Pack the necessary vaccinations. Check with your veterinarian about what vaccinations your pet really needs and judge them based on age, health, and outdoor access. If possible, opt for 3-year vaccinations instead of annual vaccinations. This will definitely save you some money.

Also, keep in mind that Pasadena Humane has a community vaccination clinic with inexpensive vaccinations for dogs and cats. Just visit our website to make an appointment online!

Take out pet insurance. Pets can get sick or injured, so prepare for the unexpected. It is less expensive to get insurance when your pets are young. Review guidelines but typically cover 80% of surgical procedures.

You can also deposit a certain amount into a savings account every month for pet care. I’ve been doing this for a few years because my dogs are old enough to drive.

Do you have a veterinary college nearby? Check out what they charge for their services. They usually offer a sizable discount on the local veterinary clinic and clinic fees because they have many students who need hands-on experience. Your pet will be seen by a student, but all care will be overseen by an experienced veterinarian.

For help finding a school near you, see the American Veterinary Medical Associations list of accredited veterinary schools.

Get paper prescriptions. Most veterinarians significantly increase the drugs they sell. Insist on a printed copy of every recipe your pet needs so you can find the best deal. If it is a drug that is also used to treat people, your local pharmacy may be able to dispense it.

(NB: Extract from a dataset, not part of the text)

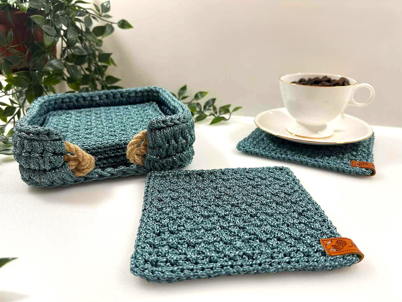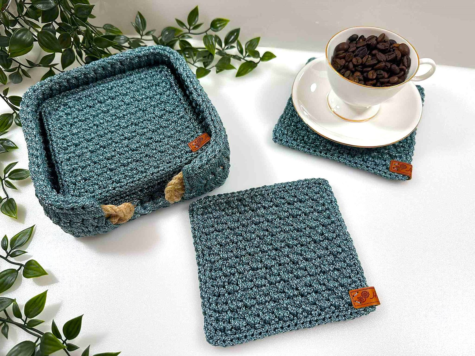 Stilingas rankų darbo komplektas, nertas iš 3 mm poliesterio virvės. Spalva – ypatinga tarp mėlynos ir žalios, suteikianti jaukumo bei originalumo.

Shopping online for medicines for pets can also save you money, but you must be careful not to get scammed. The FDA has a few guidelines to follow to make sure you are dealing with a reputable pharmacy.

Do you feel more comfortable buying from your vet? Then compare prices and see if they’re ready to hit the lowest price you could find.

Of course, free prescriptions are even better. Always ask your vet if they have free samples available before you rush to fill out a script. This is an especially smart move if you’re trying a new drug that you’re not sure your pet will be okay with.

It’s okay to poke around. Whenever your veterinarian recommends a treatment or procedure, request a written estimate of the services to be performed. This gives you a clear overview of what you can expect to pay and what is and is not included in that fee. If you see something that you don’t understand or that seems unnecessary to you, you can ask for it too. There may be additional services that could be removed to lower the total.

Do you want to shop for a better deal? With a copy of the cost estimate, you are well prepared for this. When you have everything in writing, it is easy to make sure that you are comparing apples to apples. Because a cheaper offer is only a better offer if you receive the same quality of service.

With advances in veterinary medicine, there are almost no limits to what you can do for your pet. But by making healthy choices for your pet every day, you will drastically reduce the cost of veterinary care. Believe me, it’s worth it!